Another major development that is worth keeping an eye on is Qunar displaying location-based hotel data through the Baidu Maps interface. The OTA is to integrate hotel information and products into the PC and mobile app versions of Baidu Maps, as announced in June this year.
On the expenditure side, Qunar continued to target new mobile users through offline channels. Sales and marketing expenses for Q2 were RMB703 million, up 227 y-o-y.
Yilu Zhao, chief financial officer of Qunar, indicated that new users brought in by the campaign featuring the offline channels were “highly engaged”.
“Their retention and repeat ratio in the weeks and the months following their initial transactions were on average slightly better than the users we acquired through regular online marketing channels,” said Zhao.

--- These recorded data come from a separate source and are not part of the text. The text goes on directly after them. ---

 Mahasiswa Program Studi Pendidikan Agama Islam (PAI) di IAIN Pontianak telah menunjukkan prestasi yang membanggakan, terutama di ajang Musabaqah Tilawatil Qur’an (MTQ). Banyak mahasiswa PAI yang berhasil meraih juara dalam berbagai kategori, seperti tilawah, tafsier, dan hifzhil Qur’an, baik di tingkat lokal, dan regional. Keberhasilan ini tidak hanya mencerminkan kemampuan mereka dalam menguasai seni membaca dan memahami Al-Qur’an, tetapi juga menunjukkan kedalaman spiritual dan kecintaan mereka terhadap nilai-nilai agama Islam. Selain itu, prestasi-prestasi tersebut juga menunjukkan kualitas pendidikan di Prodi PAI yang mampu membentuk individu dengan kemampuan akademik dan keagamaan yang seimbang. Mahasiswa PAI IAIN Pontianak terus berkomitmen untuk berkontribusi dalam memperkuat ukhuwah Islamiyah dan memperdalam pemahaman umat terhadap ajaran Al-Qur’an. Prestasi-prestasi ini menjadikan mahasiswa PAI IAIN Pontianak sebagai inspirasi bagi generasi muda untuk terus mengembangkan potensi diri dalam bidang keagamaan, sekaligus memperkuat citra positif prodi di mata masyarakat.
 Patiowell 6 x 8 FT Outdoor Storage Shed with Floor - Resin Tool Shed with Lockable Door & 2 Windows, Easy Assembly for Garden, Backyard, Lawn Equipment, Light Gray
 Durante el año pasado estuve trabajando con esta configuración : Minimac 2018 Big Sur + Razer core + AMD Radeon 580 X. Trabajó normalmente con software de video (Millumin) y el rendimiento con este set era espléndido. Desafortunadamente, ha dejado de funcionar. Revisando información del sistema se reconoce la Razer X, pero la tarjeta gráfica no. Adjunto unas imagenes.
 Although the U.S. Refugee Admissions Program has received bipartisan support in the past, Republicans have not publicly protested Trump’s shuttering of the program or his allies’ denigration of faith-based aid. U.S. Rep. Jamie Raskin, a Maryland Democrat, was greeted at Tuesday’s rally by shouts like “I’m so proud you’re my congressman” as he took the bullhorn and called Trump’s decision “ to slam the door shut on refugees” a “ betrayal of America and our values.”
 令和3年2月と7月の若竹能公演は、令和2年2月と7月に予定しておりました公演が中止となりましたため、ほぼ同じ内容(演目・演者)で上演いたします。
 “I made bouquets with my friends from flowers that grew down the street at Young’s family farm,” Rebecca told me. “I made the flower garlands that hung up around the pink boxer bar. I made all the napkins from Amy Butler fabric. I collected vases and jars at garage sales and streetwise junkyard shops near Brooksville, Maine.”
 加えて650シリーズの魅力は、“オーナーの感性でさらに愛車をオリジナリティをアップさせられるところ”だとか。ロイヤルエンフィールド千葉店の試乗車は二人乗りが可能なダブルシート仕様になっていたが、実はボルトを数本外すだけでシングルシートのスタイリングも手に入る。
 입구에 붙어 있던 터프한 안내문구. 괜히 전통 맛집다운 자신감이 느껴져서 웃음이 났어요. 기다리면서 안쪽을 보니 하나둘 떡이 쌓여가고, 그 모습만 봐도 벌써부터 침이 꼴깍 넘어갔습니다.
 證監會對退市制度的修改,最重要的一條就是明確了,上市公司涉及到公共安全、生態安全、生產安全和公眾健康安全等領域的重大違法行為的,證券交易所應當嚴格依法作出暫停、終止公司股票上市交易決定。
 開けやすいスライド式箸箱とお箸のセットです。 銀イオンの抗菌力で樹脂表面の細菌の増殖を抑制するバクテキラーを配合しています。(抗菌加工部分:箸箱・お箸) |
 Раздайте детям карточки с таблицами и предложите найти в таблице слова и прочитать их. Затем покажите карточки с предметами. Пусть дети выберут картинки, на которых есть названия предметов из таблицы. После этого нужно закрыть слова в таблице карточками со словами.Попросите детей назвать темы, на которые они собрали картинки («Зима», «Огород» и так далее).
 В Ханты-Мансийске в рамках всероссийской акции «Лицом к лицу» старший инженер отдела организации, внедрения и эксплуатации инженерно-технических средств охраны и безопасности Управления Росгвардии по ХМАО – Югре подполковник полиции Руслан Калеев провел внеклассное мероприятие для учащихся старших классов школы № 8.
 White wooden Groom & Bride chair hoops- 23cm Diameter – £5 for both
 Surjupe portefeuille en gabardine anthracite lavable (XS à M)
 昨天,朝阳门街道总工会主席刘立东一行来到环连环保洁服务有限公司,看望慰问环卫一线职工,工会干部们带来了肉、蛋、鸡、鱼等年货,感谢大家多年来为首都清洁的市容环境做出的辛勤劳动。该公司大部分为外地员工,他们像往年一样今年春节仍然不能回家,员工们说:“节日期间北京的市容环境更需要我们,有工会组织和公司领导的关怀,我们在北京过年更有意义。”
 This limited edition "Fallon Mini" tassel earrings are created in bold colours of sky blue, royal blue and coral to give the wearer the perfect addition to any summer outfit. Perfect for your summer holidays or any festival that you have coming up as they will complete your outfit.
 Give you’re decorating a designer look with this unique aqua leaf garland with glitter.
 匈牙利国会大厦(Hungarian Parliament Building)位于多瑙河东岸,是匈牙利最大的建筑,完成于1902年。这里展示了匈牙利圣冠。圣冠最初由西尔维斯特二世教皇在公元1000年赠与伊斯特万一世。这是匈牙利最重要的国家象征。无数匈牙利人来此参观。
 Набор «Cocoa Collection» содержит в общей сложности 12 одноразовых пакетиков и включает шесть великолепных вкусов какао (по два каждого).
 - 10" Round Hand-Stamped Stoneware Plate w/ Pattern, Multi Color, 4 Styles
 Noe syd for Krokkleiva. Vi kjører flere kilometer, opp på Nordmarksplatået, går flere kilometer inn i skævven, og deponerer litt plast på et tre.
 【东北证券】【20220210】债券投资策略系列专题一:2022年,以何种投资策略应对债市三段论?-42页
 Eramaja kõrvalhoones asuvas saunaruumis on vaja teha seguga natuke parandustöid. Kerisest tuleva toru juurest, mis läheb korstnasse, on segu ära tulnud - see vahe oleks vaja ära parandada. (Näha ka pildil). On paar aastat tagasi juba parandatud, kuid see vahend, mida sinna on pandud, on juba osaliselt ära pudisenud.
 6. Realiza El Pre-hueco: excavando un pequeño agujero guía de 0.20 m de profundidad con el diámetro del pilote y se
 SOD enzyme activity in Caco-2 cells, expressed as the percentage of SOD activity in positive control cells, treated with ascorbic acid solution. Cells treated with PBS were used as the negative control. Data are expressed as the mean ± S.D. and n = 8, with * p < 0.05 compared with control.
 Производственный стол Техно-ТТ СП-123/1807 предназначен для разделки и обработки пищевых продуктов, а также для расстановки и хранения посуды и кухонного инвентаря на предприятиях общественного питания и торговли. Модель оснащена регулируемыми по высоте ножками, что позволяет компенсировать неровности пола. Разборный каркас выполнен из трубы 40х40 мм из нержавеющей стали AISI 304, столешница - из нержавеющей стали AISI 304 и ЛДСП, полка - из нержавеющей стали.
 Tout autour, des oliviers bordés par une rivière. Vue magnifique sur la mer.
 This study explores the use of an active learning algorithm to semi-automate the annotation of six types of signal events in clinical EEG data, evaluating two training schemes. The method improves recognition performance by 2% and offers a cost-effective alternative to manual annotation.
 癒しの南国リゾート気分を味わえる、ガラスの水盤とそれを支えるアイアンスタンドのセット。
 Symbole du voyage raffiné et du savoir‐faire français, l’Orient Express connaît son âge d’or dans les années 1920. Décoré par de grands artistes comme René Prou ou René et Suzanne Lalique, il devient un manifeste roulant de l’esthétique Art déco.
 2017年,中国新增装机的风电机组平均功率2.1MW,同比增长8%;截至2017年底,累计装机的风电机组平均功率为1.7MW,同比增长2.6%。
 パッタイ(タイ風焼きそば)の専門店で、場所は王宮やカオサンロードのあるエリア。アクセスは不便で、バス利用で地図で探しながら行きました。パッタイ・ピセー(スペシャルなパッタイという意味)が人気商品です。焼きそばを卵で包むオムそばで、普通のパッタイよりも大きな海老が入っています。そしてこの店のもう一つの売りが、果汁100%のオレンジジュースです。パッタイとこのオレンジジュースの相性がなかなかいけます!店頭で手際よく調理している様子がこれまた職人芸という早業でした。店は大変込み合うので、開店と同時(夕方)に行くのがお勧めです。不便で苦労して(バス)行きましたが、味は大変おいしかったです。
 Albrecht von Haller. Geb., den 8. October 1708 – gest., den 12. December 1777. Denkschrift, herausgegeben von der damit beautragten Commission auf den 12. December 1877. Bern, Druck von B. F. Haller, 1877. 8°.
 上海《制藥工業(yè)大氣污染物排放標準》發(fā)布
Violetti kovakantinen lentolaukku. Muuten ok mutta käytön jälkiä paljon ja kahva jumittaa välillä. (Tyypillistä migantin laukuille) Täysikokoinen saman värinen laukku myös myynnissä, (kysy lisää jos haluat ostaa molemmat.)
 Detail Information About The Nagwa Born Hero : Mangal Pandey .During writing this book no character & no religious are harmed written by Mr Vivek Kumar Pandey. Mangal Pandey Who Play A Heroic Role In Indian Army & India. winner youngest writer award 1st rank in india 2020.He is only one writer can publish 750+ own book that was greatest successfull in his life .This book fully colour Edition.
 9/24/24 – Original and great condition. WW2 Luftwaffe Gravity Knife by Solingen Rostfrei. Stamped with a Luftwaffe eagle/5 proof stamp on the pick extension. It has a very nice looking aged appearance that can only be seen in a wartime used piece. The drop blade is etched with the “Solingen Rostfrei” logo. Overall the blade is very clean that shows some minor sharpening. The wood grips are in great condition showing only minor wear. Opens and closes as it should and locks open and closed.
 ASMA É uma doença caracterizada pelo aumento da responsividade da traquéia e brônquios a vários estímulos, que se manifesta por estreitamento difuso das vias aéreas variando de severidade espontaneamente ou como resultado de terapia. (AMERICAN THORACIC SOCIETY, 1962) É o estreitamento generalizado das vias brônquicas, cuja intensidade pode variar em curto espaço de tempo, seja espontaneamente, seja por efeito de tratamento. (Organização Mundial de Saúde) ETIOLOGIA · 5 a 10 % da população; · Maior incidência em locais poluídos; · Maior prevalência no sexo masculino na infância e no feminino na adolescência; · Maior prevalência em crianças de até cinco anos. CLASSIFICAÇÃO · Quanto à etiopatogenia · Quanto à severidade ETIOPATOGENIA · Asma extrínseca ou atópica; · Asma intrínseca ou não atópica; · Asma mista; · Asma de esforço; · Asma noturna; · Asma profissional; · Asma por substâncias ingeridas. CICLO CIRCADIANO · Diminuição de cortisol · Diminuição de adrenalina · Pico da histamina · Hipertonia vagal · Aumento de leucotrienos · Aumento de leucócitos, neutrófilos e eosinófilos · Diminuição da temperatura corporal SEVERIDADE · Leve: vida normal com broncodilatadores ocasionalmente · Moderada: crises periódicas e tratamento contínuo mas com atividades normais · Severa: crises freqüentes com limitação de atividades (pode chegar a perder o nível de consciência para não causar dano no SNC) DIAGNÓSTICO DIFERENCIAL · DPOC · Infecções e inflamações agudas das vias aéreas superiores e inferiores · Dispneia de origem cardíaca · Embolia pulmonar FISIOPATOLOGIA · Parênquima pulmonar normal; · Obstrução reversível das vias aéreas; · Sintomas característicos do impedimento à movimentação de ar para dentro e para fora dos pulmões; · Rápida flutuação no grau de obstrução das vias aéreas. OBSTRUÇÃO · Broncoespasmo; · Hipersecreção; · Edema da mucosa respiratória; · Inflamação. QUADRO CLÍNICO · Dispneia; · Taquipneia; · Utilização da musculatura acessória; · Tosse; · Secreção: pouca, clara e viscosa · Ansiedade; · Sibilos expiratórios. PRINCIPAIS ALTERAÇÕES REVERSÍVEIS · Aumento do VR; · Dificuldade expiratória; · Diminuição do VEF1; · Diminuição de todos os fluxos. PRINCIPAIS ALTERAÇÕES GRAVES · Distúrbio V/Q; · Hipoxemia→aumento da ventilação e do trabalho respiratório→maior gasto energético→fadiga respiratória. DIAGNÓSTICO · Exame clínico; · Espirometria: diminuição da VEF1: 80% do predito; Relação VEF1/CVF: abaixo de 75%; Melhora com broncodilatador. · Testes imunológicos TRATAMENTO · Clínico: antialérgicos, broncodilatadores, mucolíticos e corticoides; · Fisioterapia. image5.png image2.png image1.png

The company is confident that with current momentum (featuring hotel volume and mobile user base growth, along with the efficacy of offline campaigns) and sustained operating leverage, through scale and automation the team would achieve its quarterly non-GAAP profitability target by the end of 2016.
Qunar shared that its flight take rate is now over 2% and hotel take rate is now over 5%. Even as volume would drive revenue surge, increment in take rate would play a crucial role in attaining profitability in the time to come.
When compared with targeted revenue generation, the company intends to bank on its technology prowess to keep its overall headcount under check. Total headcount at the end of June was around 8,000 and the figure for this year is around 9,000.